§ Requirement: Within the records below, reproduce without change the lines from the line that has "- 美しい3Dボードと高品質" through the line that has "Písmenko sa skladá", and only those.

§ Information shown:
---------------
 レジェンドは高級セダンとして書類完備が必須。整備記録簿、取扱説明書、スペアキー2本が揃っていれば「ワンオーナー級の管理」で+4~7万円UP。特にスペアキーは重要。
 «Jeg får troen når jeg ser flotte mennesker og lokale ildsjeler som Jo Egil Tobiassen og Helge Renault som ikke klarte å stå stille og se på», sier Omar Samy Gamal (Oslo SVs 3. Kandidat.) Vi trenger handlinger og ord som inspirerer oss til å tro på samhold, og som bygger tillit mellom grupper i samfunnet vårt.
---------------
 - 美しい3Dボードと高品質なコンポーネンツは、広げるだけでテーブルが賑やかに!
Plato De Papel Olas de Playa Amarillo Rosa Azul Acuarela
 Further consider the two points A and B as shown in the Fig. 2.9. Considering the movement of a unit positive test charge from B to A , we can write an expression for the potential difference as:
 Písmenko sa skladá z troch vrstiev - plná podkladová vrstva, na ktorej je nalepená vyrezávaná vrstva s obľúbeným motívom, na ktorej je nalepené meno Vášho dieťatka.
---------------
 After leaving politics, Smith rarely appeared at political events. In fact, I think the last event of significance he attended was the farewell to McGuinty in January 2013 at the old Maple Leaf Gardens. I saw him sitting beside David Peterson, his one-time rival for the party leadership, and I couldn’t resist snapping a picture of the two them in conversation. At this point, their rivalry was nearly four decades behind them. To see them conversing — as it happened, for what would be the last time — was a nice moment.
---------------
§ Response to the task:
 - 美しい3Dボードと高品質なコンポーネンツは、広げるだけでテーブルが賑やかに!
Plato De Papel Olas de Playa Amarillo Rosa Azul Acuarela
 Further consider the two points A and B as shown in the Fig. 2.9. Considering the movement of a unit positive test charge from B to A , we can write an expression for the potential difference as:
 Písmenko sa skladá z troch vrstiev - plná podkladová vrstva, na ktorej je nalepená vyrezávaná vrstva s obľúbeným motívom, na ktorej je nalepené meno Vášho dieťatka.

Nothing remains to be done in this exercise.